– Дрожишь, прямо как в первый раз! Я, понимаешь, просто расту и расту в собственных глазах!
Нонна не стала объяснять дураку, что дело вовсе не в его стараниях. Она еще крепче зажмурила глаза, чтобы не видеть, кого обнимает. Она заткнула бы и уши, чтобы не слышать идиотских разглагольствований Шурика, но тогда обнимать его будет нечем и пропадет сладкая иллюзия тесного слияния с Борисом Епифановым. Провожая в этот вечер своего любовника, Нонна уже знала, что не успокоится до тех пор, пока не положит руки на плечи Борису.
Сама не до конца отдавая себе во всем отчет, она ловила любые сведения о Борисе, исходящие от сестры. Она чувствовала напряжение во всех мышцах тела, когда узнавала, что старший брат Маринкиного мужа очередной раз поссорился с женой. Ей тут же хотелось бежать в дом Епифановых, чтобы предстать перед Борисом и бросить ему в лицо:
– А вот и я! Как раз та, которая тебе больше всего нужна.
Нонна не бежала. Она копила силы для броска, который непременно переиначит их жизни, и ждала благоприятного момента, который обязательно наступит. И он наступил, поскольку Нонна в этом нисколько не сомневалась. После смерти своего Ванечки Маринка все таки сблизилась с мужем. Их отношения с большой натяжкой можно было назвать любовью.

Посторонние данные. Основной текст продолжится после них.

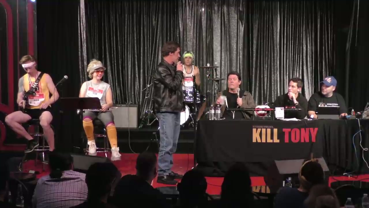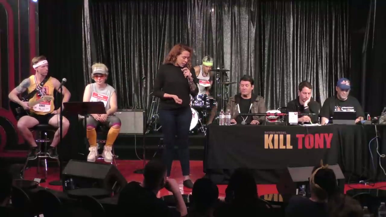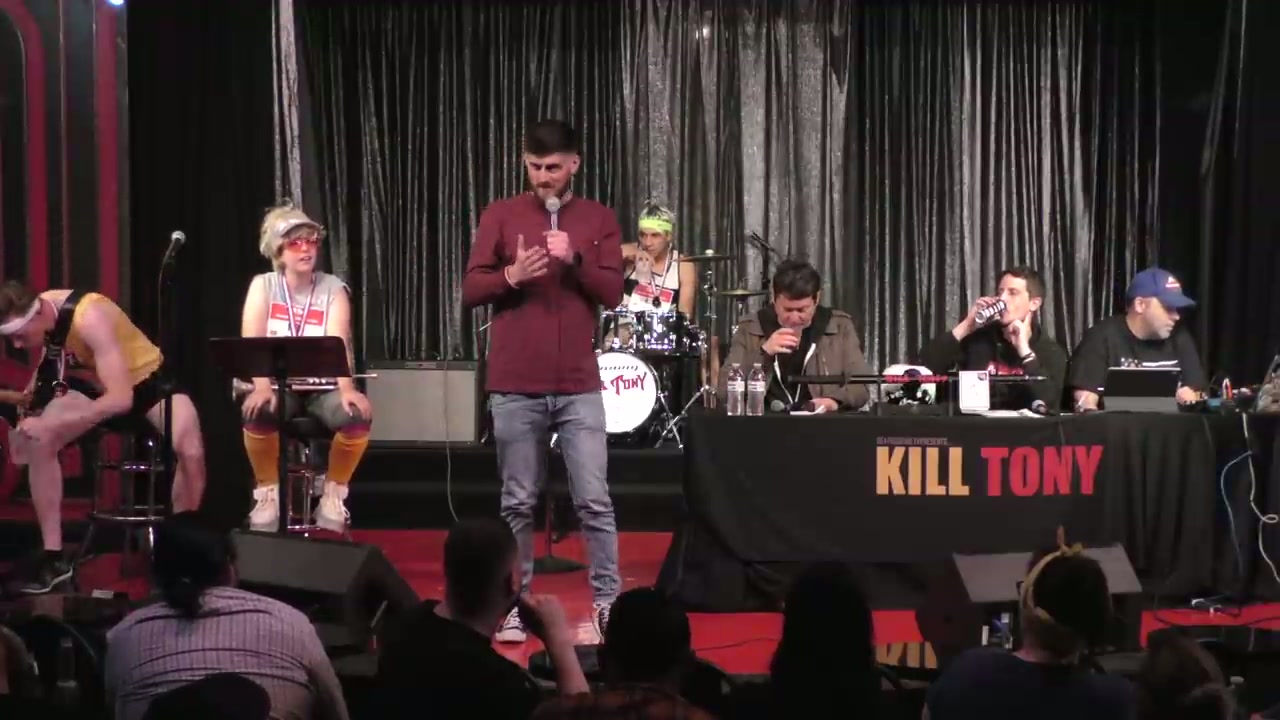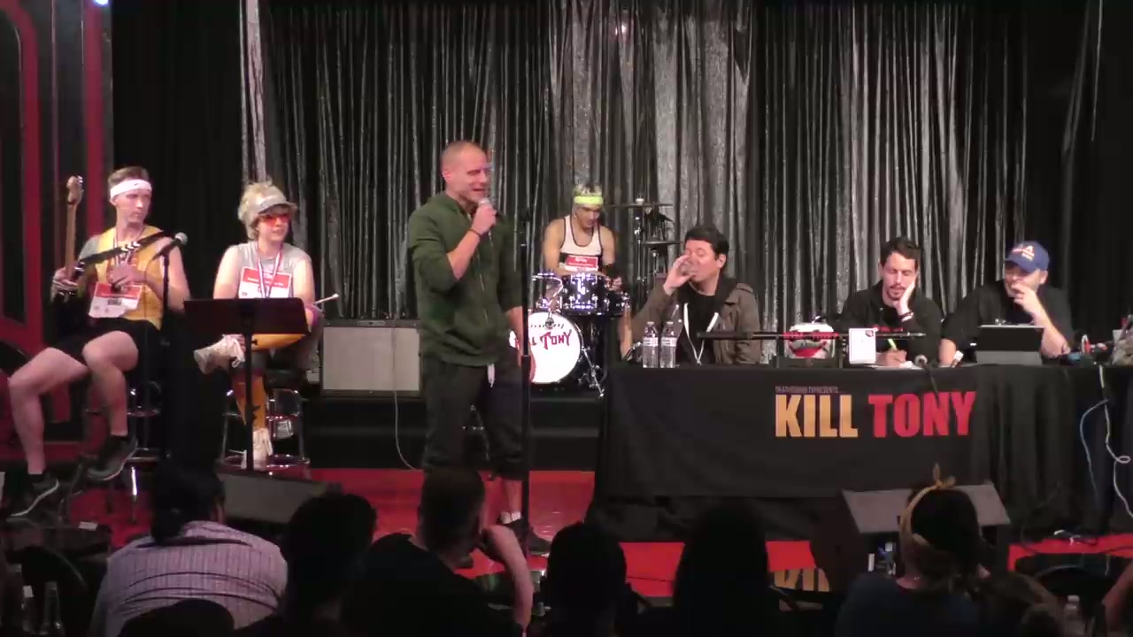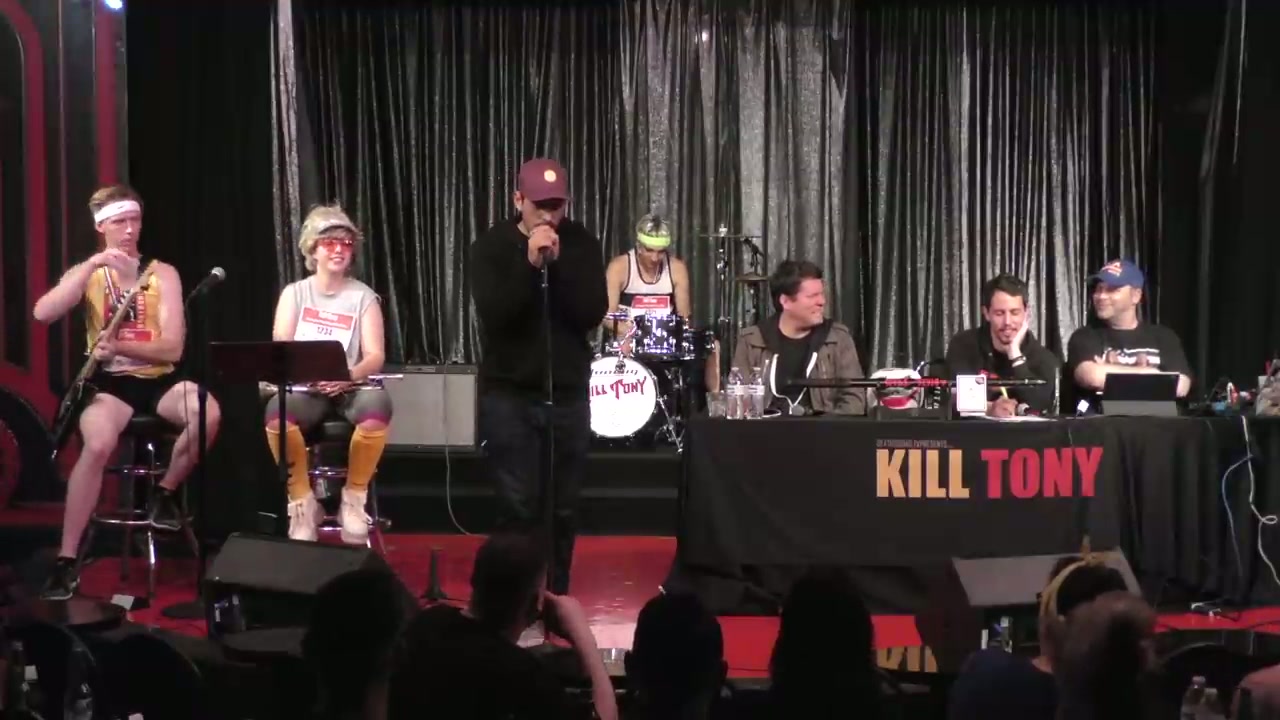 Tony and Doug Benson return from tour to host Kill Tony at the Comedy Store with track runner-themed band characters, featuring bucket pulls and regular William Montgomery

Нонна определила бы их как братство по партии «Потерявшие ребенка».
В один из субботних вечеров Маринка со своим партайгеноссе Павлом отправились на органный вечер в филармонию. Они намеревались на пару часов унестись в запредельные пространства фуг и пассакалий, возможно надеясь встретить там заплутавшую душу Ванечки. Нонна подозревала, что Епифанов с большей пользой для себя провел бы время на футбольном матче, но пока еще до этого не додумался. Галина Павловна увезла своего Аркадия Матвеевича в какой то санаторий для поправки пошатнувшегося здоровья, а еще один брат Епифановых – Алексей – находился в командировке в Киеве. Таким образом, Борис должен был остаться дома совершенно один, поскольку его Надя в очередной раз уехала к маме «навсегда», прихватив пятилетнюю дочку Аленку.
Нонна очень долго думала, под каким предлогом лучше всего заявиться пред яркие очи Бориса. Отбросив несколько неплохих, но замысловатых вариантов, она остановилась на довольно примитивном. Бориса непременно надо было вытащить из епифановской квартиры, поскольку фуги и пассакалии конечны, а разгоревшаяся страсть границ не имеет, и потому предаваться ей лучше всего в комнате, которую Нонна снимала уже около двух месяцев, отделившись наконец от родителей.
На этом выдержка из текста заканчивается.